### Exercise requirements
Pick out all lines with the word "active" from the records that follow.

╭─ Records shown

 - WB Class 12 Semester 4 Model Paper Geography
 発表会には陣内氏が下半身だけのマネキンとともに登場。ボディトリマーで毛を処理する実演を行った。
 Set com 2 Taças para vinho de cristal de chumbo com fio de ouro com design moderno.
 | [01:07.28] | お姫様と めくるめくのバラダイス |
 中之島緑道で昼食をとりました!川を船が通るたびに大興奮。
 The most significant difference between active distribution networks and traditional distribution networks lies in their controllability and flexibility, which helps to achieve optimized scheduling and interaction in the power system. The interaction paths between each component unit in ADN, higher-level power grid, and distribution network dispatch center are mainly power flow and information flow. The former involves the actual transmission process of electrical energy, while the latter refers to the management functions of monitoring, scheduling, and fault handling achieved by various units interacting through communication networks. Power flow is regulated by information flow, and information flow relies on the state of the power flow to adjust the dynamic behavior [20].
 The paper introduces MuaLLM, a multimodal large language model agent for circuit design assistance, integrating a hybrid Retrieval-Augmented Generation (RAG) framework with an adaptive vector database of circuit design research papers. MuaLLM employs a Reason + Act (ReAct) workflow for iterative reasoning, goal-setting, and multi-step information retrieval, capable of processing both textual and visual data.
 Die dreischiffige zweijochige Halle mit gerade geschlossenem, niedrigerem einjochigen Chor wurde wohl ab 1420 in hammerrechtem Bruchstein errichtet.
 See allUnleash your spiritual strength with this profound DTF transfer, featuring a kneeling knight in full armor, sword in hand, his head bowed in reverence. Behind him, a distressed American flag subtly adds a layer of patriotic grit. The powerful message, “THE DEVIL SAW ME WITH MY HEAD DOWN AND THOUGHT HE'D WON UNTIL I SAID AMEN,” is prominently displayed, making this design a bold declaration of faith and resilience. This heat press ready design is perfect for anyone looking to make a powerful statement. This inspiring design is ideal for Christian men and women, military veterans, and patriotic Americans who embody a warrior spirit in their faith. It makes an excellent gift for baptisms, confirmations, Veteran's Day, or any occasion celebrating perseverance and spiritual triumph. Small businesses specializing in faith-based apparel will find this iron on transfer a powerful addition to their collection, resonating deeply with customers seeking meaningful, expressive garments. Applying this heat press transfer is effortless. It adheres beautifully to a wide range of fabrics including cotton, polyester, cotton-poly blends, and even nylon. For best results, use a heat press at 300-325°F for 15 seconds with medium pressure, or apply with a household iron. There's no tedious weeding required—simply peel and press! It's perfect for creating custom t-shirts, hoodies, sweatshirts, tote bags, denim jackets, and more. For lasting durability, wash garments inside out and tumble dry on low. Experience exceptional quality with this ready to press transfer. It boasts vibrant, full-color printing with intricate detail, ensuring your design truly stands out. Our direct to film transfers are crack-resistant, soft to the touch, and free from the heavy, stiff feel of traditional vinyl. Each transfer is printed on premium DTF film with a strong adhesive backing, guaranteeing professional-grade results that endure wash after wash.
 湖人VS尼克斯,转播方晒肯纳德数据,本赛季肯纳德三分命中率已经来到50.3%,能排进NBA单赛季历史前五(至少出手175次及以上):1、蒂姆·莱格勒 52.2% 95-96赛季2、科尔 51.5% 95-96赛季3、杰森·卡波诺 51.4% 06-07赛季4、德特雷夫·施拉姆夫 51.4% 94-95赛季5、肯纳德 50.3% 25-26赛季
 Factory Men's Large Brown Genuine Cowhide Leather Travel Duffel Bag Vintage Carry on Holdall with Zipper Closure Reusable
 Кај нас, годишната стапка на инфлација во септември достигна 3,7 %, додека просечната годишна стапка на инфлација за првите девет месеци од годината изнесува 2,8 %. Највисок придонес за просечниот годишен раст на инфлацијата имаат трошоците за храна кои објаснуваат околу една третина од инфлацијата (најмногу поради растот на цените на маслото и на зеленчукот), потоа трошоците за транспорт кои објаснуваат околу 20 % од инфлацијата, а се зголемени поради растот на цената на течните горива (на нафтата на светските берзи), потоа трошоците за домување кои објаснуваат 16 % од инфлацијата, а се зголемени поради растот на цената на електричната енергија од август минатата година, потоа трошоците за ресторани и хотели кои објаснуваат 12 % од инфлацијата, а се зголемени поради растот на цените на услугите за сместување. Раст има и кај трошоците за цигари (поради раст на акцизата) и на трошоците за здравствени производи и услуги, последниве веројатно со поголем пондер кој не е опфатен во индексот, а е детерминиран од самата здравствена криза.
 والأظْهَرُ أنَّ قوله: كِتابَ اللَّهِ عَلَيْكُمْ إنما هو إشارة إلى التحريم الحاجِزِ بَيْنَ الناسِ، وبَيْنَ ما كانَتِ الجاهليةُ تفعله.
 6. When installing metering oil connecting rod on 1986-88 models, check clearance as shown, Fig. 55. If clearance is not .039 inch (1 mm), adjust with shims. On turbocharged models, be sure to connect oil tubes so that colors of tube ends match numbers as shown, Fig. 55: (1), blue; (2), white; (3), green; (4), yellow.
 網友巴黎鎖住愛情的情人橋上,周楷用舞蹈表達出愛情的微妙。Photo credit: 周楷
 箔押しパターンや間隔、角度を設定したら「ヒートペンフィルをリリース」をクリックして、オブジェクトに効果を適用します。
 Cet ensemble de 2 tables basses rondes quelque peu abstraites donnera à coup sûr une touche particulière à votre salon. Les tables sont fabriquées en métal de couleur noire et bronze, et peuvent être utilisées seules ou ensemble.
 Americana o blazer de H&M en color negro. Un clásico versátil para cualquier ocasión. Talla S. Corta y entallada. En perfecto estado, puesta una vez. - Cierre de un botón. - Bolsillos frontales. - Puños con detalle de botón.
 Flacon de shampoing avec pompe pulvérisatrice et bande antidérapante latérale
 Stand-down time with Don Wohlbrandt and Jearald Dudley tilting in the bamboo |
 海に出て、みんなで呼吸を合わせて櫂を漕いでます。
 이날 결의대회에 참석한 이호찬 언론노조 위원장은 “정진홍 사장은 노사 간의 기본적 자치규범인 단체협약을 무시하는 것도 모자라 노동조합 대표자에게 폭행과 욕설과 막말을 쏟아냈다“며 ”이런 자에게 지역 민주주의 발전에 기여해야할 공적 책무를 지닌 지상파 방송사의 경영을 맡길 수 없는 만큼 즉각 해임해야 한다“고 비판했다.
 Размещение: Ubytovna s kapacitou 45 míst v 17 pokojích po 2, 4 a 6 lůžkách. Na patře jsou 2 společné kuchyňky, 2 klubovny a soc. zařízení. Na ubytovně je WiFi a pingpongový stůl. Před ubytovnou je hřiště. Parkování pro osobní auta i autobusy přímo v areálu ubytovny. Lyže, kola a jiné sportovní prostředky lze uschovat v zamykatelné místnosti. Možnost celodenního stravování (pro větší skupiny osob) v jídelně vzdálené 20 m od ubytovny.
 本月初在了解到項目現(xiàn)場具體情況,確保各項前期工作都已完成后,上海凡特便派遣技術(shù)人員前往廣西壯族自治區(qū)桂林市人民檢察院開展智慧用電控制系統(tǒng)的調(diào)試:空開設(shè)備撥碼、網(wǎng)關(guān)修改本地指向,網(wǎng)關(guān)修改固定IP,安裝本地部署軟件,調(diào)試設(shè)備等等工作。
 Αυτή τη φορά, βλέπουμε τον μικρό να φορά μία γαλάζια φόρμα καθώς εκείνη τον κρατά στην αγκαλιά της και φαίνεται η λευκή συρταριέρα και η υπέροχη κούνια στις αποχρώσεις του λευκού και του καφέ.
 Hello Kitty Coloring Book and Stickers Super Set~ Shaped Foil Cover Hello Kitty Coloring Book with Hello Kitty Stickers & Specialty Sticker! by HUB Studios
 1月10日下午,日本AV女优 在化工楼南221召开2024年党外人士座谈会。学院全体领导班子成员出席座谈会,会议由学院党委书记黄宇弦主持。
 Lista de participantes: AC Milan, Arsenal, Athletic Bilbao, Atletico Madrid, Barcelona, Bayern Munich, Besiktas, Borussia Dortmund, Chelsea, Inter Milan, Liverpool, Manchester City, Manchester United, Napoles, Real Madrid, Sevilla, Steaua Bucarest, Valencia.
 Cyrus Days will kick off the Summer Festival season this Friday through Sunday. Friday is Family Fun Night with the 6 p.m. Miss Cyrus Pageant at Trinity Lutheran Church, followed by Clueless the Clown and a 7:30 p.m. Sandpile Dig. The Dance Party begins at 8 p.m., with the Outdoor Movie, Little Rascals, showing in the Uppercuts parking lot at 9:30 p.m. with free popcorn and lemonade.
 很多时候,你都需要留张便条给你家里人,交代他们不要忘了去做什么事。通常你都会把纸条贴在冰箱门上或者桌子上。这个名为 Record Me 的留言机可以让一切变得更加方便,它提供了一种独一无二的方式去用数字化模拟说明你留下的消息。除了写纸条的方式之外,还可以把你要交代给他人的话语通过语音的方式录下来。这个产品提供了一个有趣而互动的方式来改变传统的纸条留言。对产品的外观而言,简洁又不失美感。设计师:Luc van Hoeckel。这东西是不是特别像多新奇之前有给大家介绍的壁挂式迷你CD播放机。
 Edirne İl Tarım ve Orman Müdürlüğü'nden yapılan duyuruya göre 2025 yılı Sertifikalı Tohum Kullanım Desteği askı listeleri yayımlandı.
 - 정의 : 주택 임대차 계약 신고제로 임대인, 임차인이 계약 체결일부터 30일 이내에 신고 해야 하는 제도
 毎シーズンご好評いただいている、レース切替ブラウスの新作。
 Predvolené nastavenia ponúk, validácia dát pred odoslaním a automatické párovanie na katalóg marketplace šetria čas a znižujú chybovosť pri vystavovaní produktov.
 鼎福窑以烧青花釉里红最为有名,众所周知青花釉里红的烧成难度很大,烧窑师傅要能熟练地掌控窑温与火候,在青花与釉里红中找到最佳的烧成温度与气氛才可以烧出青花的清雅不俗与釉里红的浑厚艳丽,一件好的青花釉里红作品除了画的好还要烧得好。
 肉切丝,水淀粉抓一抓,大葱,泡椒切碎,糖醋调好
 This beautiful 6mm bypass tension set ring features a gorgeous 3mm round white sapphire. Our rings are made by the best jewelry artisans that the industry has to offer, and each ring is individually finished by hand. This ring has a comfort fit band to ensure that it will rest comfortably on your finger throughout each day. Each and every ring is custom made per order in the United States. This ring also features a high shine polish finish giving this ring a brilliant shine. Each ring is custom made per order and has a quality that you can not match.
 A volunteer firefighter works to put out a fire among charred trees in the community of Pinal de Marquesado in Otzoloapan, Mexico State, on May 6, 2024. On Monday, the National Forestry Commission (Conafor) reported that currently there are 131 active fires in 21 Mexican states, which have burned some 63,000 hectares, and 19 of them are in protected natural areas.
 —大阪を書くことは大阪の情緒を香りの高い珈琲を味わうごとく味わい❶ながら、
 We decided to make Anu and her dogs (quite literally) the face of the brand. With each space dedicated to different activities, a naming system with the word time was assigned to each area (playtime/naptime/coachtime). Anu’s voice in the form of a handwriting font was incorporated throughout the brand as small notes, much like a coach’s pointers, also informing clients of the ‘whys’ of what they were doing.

╰─

### Task solution
 The most significant difference between active distribution networks and traditional distribution networks lies in their controllability and flexibility, which helps to achieve optimized scheduling and interaction in the power system. The interaction paths between each component unit in ADN, higher-level power grid, and distribution network dispatch center are mainly power flow and information flow. The former involves the actual transmission process of electrical energy, while the latter refers to the management functions of monitoring, scheduling, and fault handling achieved by various units interacting through communication networks. Power flow is regulated by information flow, and information flow relies on the state of the power flow to adjust the dynamic behavior [20].
 A volunteer firefighter works to put out a fire among charred trees in the community of Pinal de Marquesado in Otzoloapan, Mexico State, on May 6, 2024. On Monday, the National Forestry Commission (Conafor) reported that currently there are 131 active fires in 21 Mexican states, which have burned some 63,000 hectares, and 19 of them are in protected natural areas.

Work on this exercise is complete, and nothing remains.